A la gente le da por enamorarse en virtud de sus apeteceres (cómo me apetecen ciertos neologismos míos, ciertas entradas de mi Diccionario de Marzalidades Panhispánicas), y esos apeteceres no son exactamente las apetencias. Los apeteceres resultan unas apetencias melancólicas y cargadas de crepúsculos, de versos becquerianos, de muchas saudades galaico-portuguesas, de musiquiñas de violín y dulzaina, de monsergas de rabel y cantares de ciego. El amor consiste, en un noventa y dos coma cuatro por ciento, en una disponibilidad del espíritu que tropieza con otra disponibilidad del espíritu, y entre las dos fundan un relato emocional, un cuento contado por un idiota regordete, desnudo y con alas, que va clavando flechas por ahí, como un mono borracho, la consabida fábula ardiente, llena de ruido y furia, y que sí tiene sentido, porque sólo lo tienen aquellos asuntos que nos vienen en gana.

A los poetas les cae la inspiración del cielo por puro apetecer.
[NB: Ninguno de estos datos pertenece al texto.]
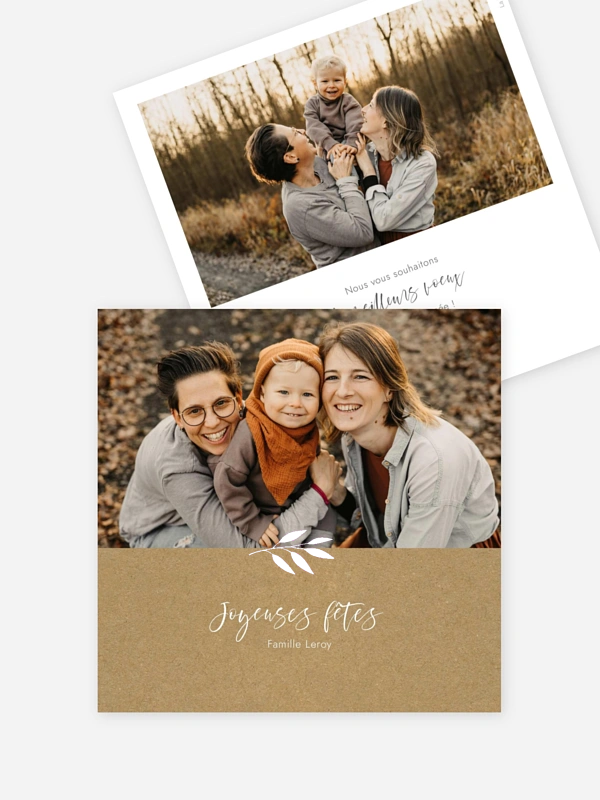 Partagez vos pensées les plus chaleureuses avec la carte de vœux "Constellation dorée", dont le design épuré agrémenté d'un délicat rameau souligne avec poésie vos plus beaux portraits de famille. Ce modèle au style naturel et authentique est parfait pour envoyer un message de bonheur sincère à vos proches lors des fêtes de fin d'année. Pour que vos vœux voyagent avec élégance, nous garantissons une impression de haute qualité sur des papiers haut de gamme rigoureusement sélectionnés. Profitez de notre service de création intuitif pour personnaliser vos textes et vos clichés en toute simplicité. Créez votre lot en ligne dès maintenant pour souhaiter de joyeuses fêtes à tout votre entourage avec une attention qui vient du cœur.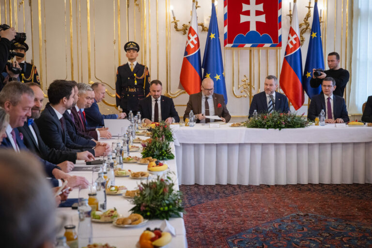 Zľava: Predseda Košického samosprávneho kraja Rastislav Trnka, prezident SR Peter Pellegrini, predseda Nitrianskeho samosprávneho kraja Branislav Becík, predseda Banskobystrického samosprávneho kraja Ondrej Lunter, predseda Trnavského samosprávneho kraja Jozef Viskupič a predseda Trenčianskeho samosprávneho kraja Jaroslav Baška počas stretnutia prezidenta SR so zástupcami samospráv v Prezidentskom paláci. Bratislava, 31. január 2025. Foto: SITA/Diana Černáková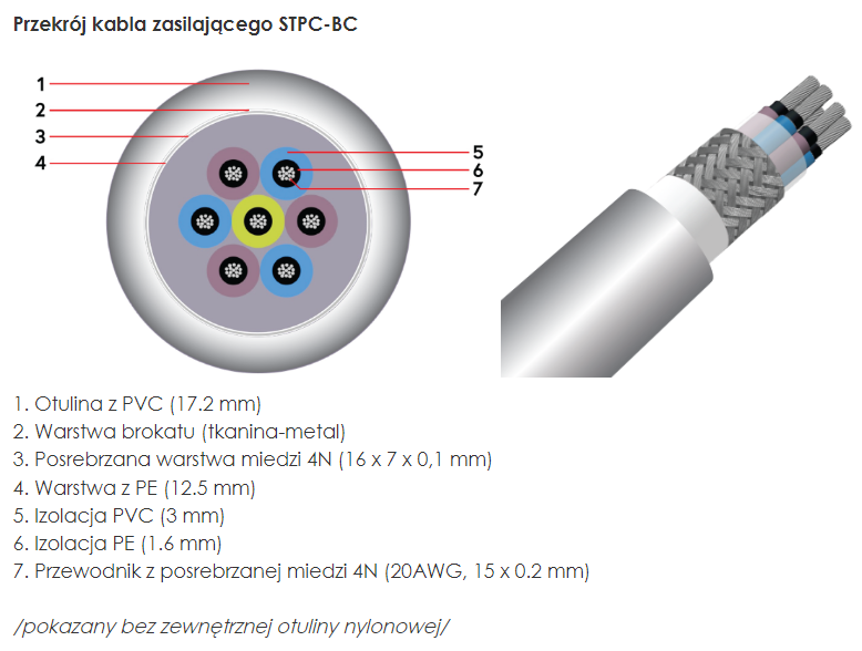 Otulina z nylonu Otulina z PVC (17.2 mm) Warstwa brokatu (tkanina-metal) Pleciona posrebrzana warstwa miedzi 4N (16 x 7 x 0,1 mm) Warstwa PE (12.5 mm)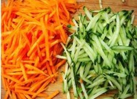 胡萝卜去皮切成丝,黄瓜切成丝,绿豆芽摘去头尾部洗净备用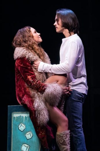 De Barres thinks Crowe’s take is a “horribly misogynistic look at what a groupie-muse is” and that he whitewashed the scene. The former is a matter of perspective. The latter, at least in a musical, has understandably been cleaned up. One does wonder at the off-handedness with which Russell Hammond’s (Chris Wood – good actor, bad miming guitar player) acid-infused leap off a roof is depicted, however. He miraculously comes away with barely a scratch, but oh, the engineered flight down is grand.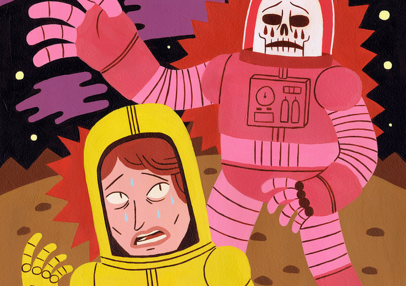 The third piece is an acrylic with the attempt of implementing the work of Jack Teagle. I tried to implement his work by trying to keep that cartoon feel of it and keeping it flat as well as using the lack of outline. The colours work well together and the shadow is quite nice however I could've worked more on the darker outlines such as maybe had them give more of a sense of direction or perhaps kept them all the same width since some seem to change widths as the line continues.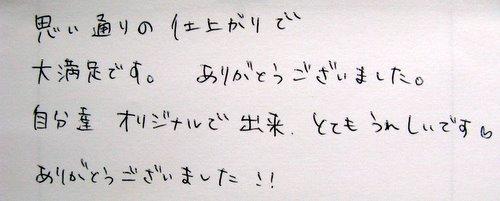 思い通りの仕上がりで大満足です。 ありがとうございました。自分達オリジナルで出来、 とてもうれしいです?ありがとうございました!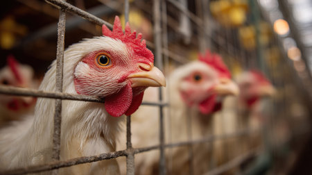 A close-up view of chickens in a cage on a farm, showcasing their feathers and distinct features. This image captures the essence of poultry farming and animal welfare.
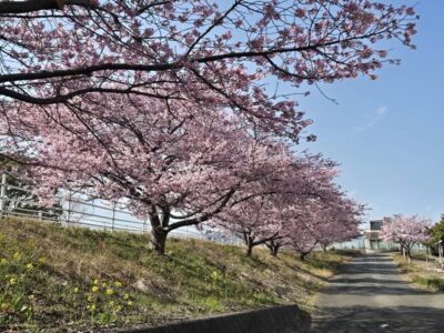 焼津の桜名所のひとつ、朝比奈川左岸沿いの河津さくらが綺麗に咲き、賑わっています。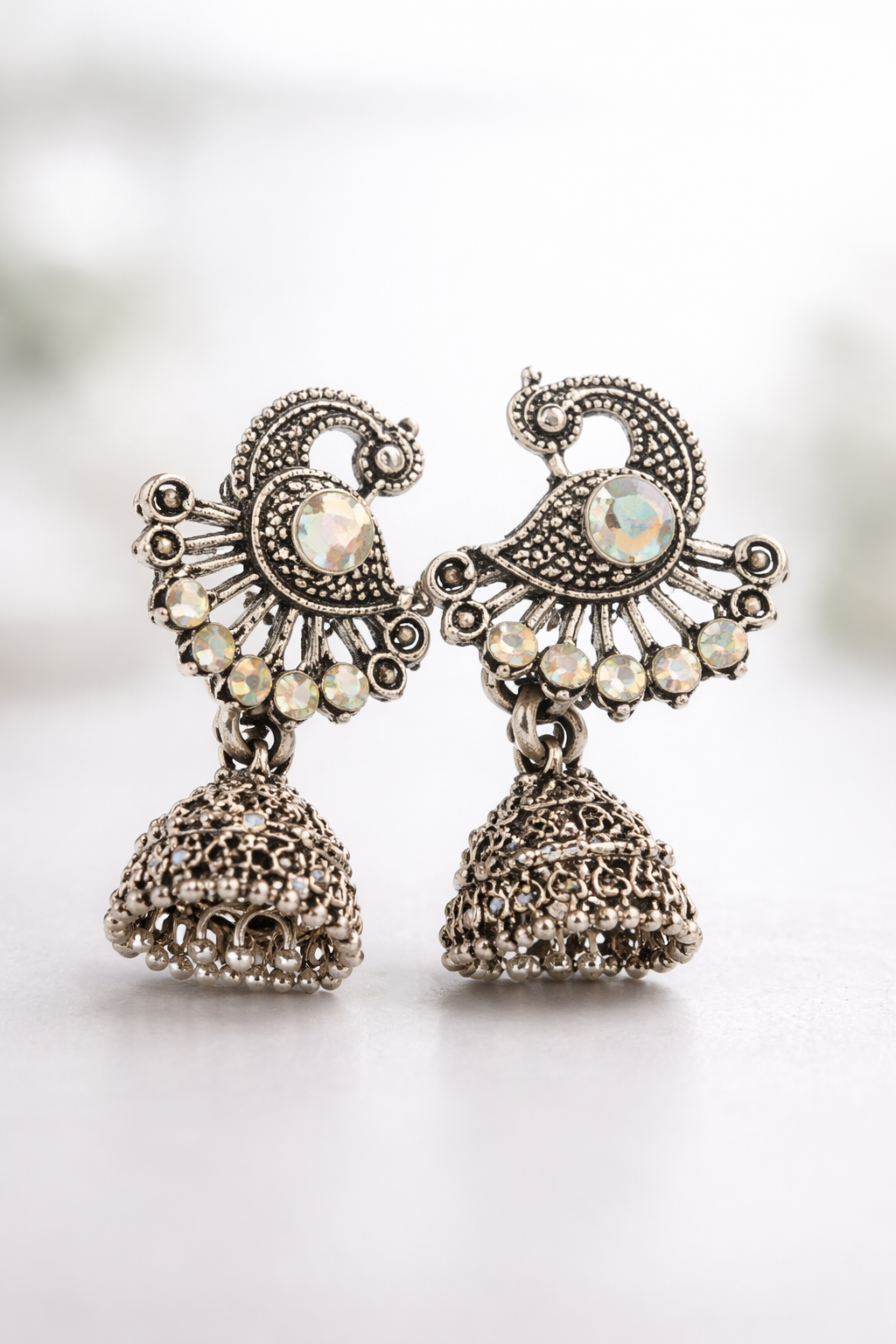 Design: Traditional Peacock Inspired Antique Design with Hanging Jhumka
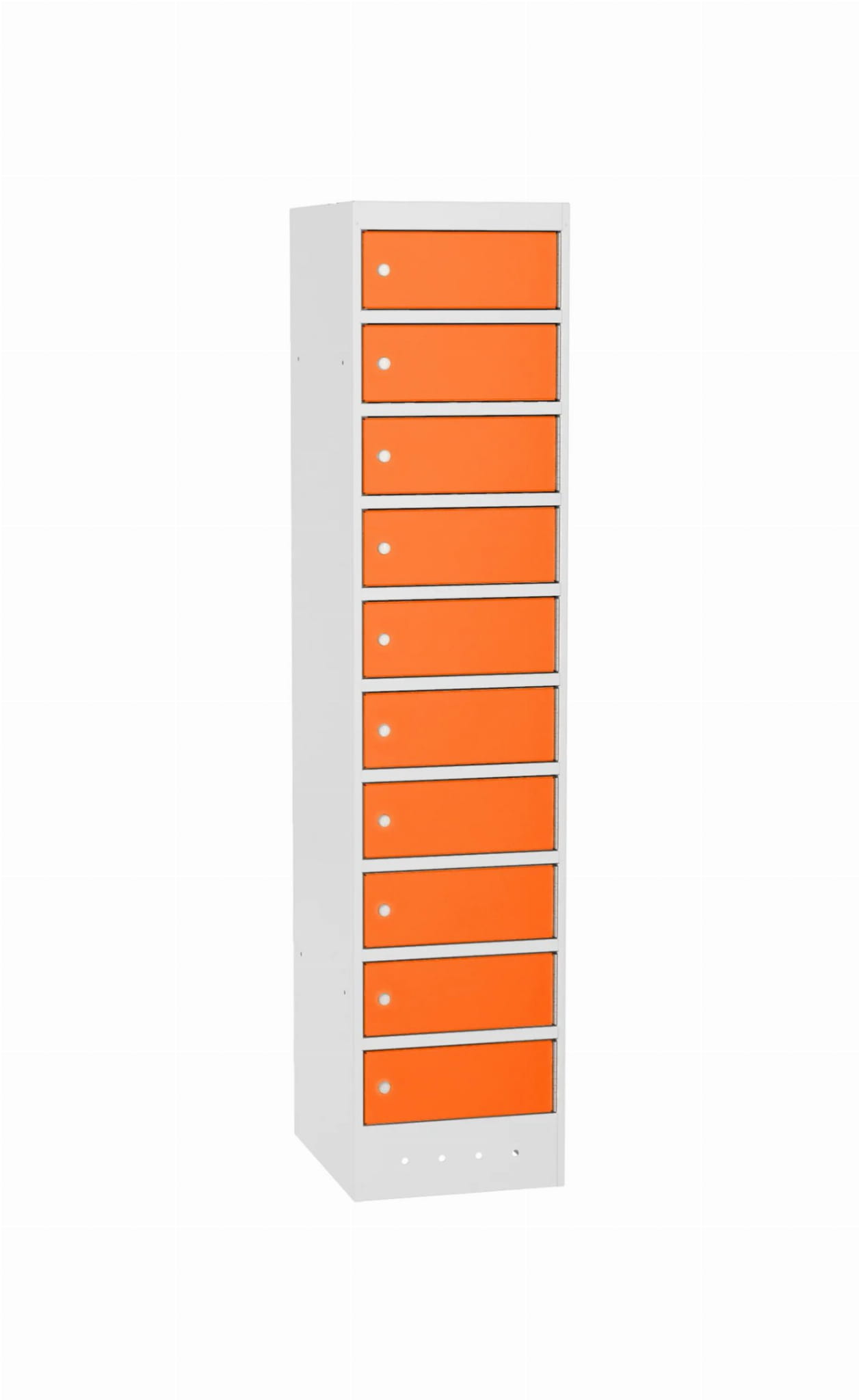 Szafka posiada 10 skrytek, zawartość każdej z nich chronią drzwiczki wyposażone w zamek. Każda ze skrytek wyposażona jest w gniazdo elektryczne 230 V lub inne np. USB.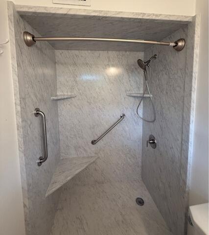 We replaced the tub with a sleek walk-in shower featuring elegant marble-look wall panels, a clear glass sliding door, and a modern handheld showerhead. The addition of integrated corner shelving and a polished grab bar brings both function and safety to the

La inspiración existe, y se insufla por capilaridad con el universo, pero, para que llegue, ya sabemos que hay que trabajar, esa putada, y el trabajo literario exige que te pongas, que te sientes, que te ordeñes los sesos como si fueras una vaca asturiana en un prao, la Cordera del abuelo Clarín, y como no te apetezcan el ordeño y todo lo demás, las ubres no destilan la blanca y dulce leche de la poesía.

Esto no lo dicen los médicos, para que la pandemia no se haga pública, y para que la noticia no salga en el telediario; pero la muerte es un cese radical de nuestras apetencias.